At USA Graphene, we track LIG closely because it addresses one of graphene's most persistent commercialisation bottlenecks: scalable, low-cost, substrate-integrated manufacturing. Traditional graphene production routes — chemical vapour deposition (CVD), liquid-phase exfoliation, and GO reduction — each carry significant cost, complexity, or quality trade-offs.
LIG sidesteps most of these barriers:
- **No solvents or vacuum** — fully ambient processing
- **Single-step patterning** — computer-controlled laser writes circuits directly
- **Substrate-integrated** — graphene forms on the device substrate, eliminating transfer steps that introduce defects
- **Raw material flexibility** — from high-purity PI to waste biomass
The ability to laser-write graphene circuits directly onto flexible polymer films in seconds, in open air, at room temperature, using commodity CO₂ laser cutters, is a genuine paradigm shift. As laser hardware continues to fall in price and improve in resolution, LIG's addressable market — from disposable biosensors to structural health monitoring in composite materials — will expand dramatically.
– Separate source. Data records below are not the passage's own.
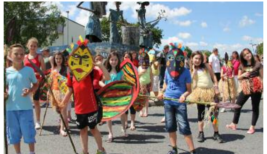
Les Zoulous ont volé la vedette aux géantes Musiciennes, le temps du défilé.
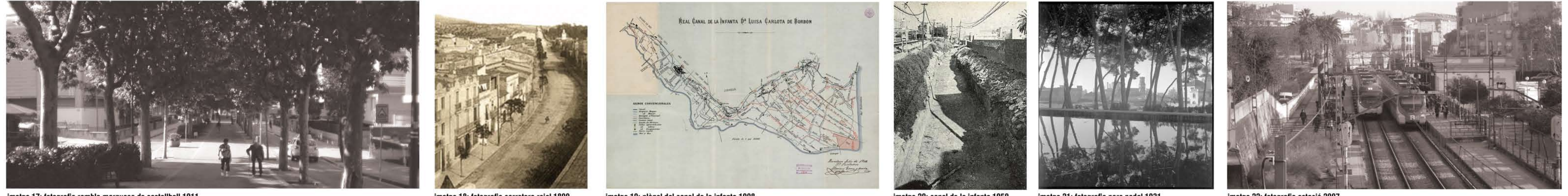
imatge 17: fotografia rambla marquesa de castellbell 1911 imatge 18: fotografia carretera real 1899 imatge 19: plànol del canal de la infanta 1908 imatge 20: canal de la infanta 1950 imatge 21: fotografia parc nadal 1931 imatge 22: fotografia estació 2007
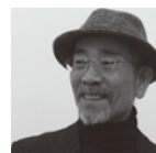
人文コーディネーター
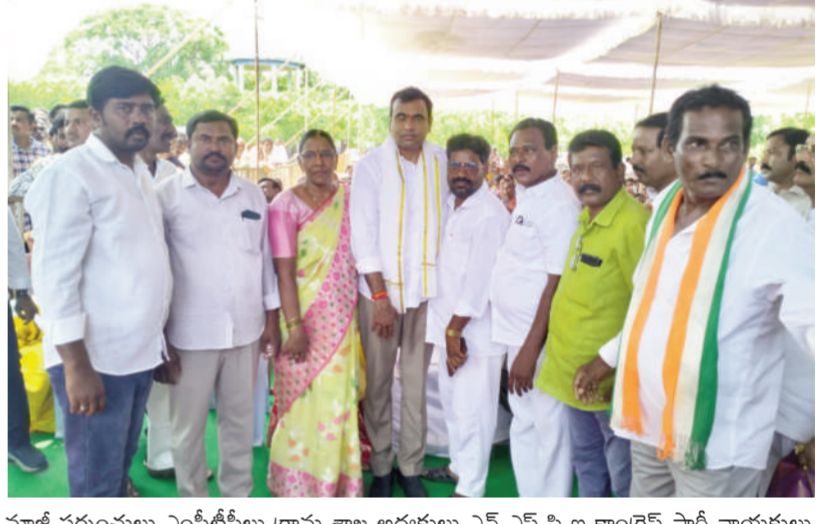
మాజీ సర్పంచులు ఎంపీటీసీలు గ్రామ శాఖ అధ్యక్షులు ఎన్ ఎన్ సి ఐ కాంగ్రెస్ పార్టీ నాయకులు కార్యకర్తలు పాల్గొన్నారు.
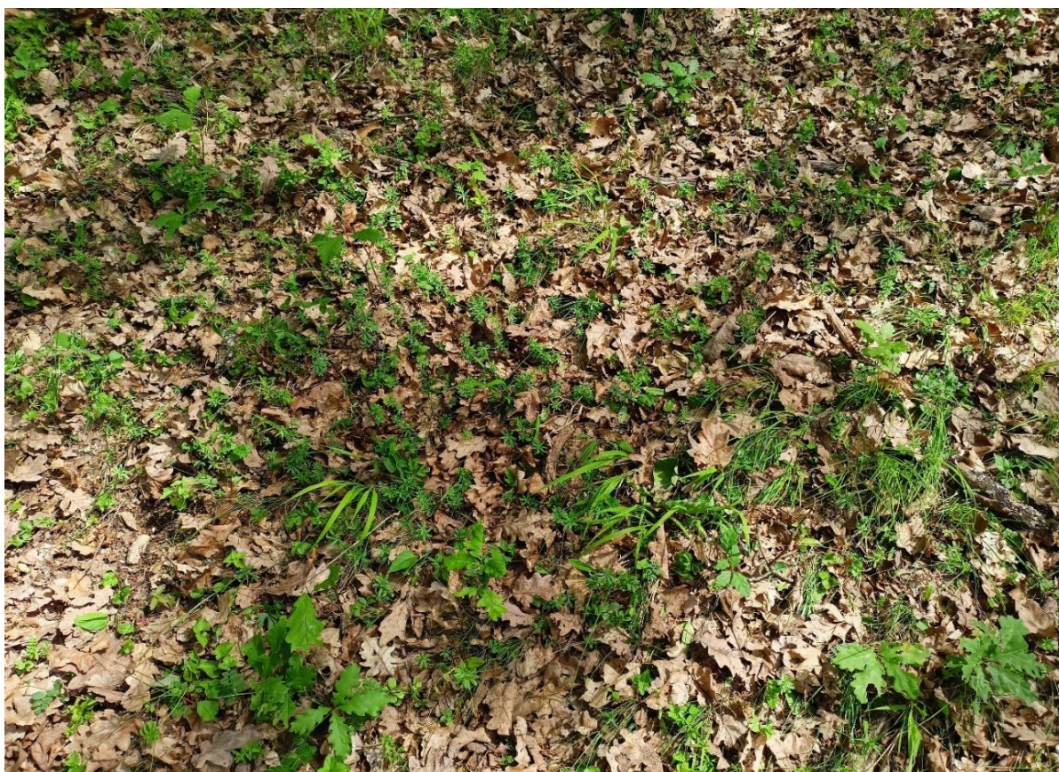
Foto 6.- Regenerare cu GO în u.a 13A, în suprafața neparcursă cu tăieri progresive
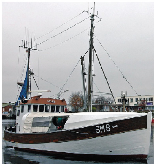
Bereits im kommenden Frühjahr wird der „Adler“ in seinen neuen Heimatstützpunkt nach Heiligenhafen verlegt.
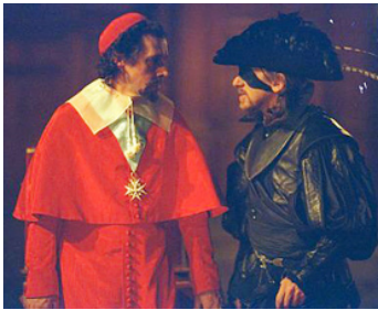
2001 D'ARTAGNAN (D'Artagnan) de Peter Hyams avec Stephen Rea
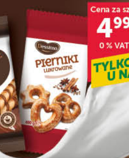
PIERNIKI DESSIMO 400 g wszystkie rodzaje
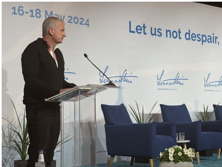
Lennart Meri Conference v Tallinnu s výstižným sloganem: “Nezoufejme, ale konejme!”

V takovém případě by pobaltské státy a Polsko nečekaly na rozmístění ruských vojsk na svých hranicích, varovali pobaltští a polští politici na konferenci, ale vyslali by vojáky na Ukrajinu sami! A co by to znamenalo, bylo jasné: NATO by se stalo účastníkem války. Právě toho se kancléř Scholz a americký prezident oprávněně obávají. Ti, kdo chtějí válku omezit přehnanou zdrženlivostí, podle jedné z analýz, kterou Poláci v Tallinnu prezentovali, ve skutečnosti riskují, že se jim vymkne z rukou. Panečku, to je logika. A právě Polsko by podle informací Spiegelu mohlo být v rámci té koalice vedoucí a velící zemí, pokud by se k akci nepřipojila Francie.
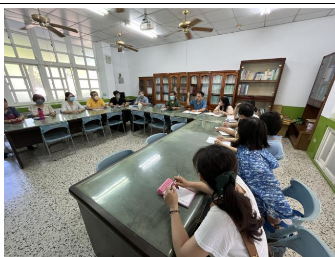
夥伴對課程計畫提出修正意見
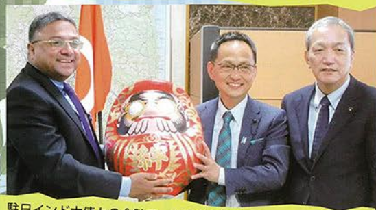
駐日インド大使との会談で、白河だるまをプレゼントし「ダルマ大使はインド人です」と伝えました。
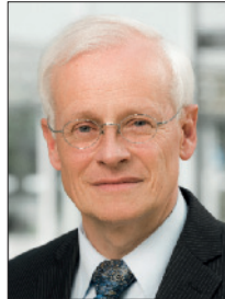
Vizepräsident Bernd Zimmer, Wuppertal
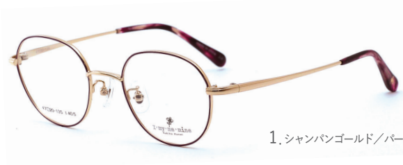
1. シャンパンゴールド/パープル(リムFC)

Ye, James, and Tour identify biodegradable and biocompatible LIG substrates as the frontier for future research. Using natural polymers — lignin, cellulose, chitosan — as precursors could produce implantable, in-body graphene sensors that dissolve safely after their mission is complete. The combination of LIG's electrical performance with biodegradable substrates would unlock applications in transient electronics, smart wound dressings, and in vivo diagnostics that are currently impossible with conventional graphene processes.
Laser-induced graphene is a textbook example of how a single accidental observation, rigorously followed up with systematic science, becomes a transformative technology. From a missed laser shot on a polyimide film in 2014 to a global research effort spanning microfluidics, energy storage, sensing, and electrocatalysis, LIG has covered extraordinary ground in just five years. The beauty of the process — its simplicity, scalability, and substrate versatility — suggests that the most impactful applications may still be ahead.
For graphene to fulfil its commercial promise, manufacturing must become faster, cheaper, and more accessible. LIG is one of the most compelling answers to that challenge.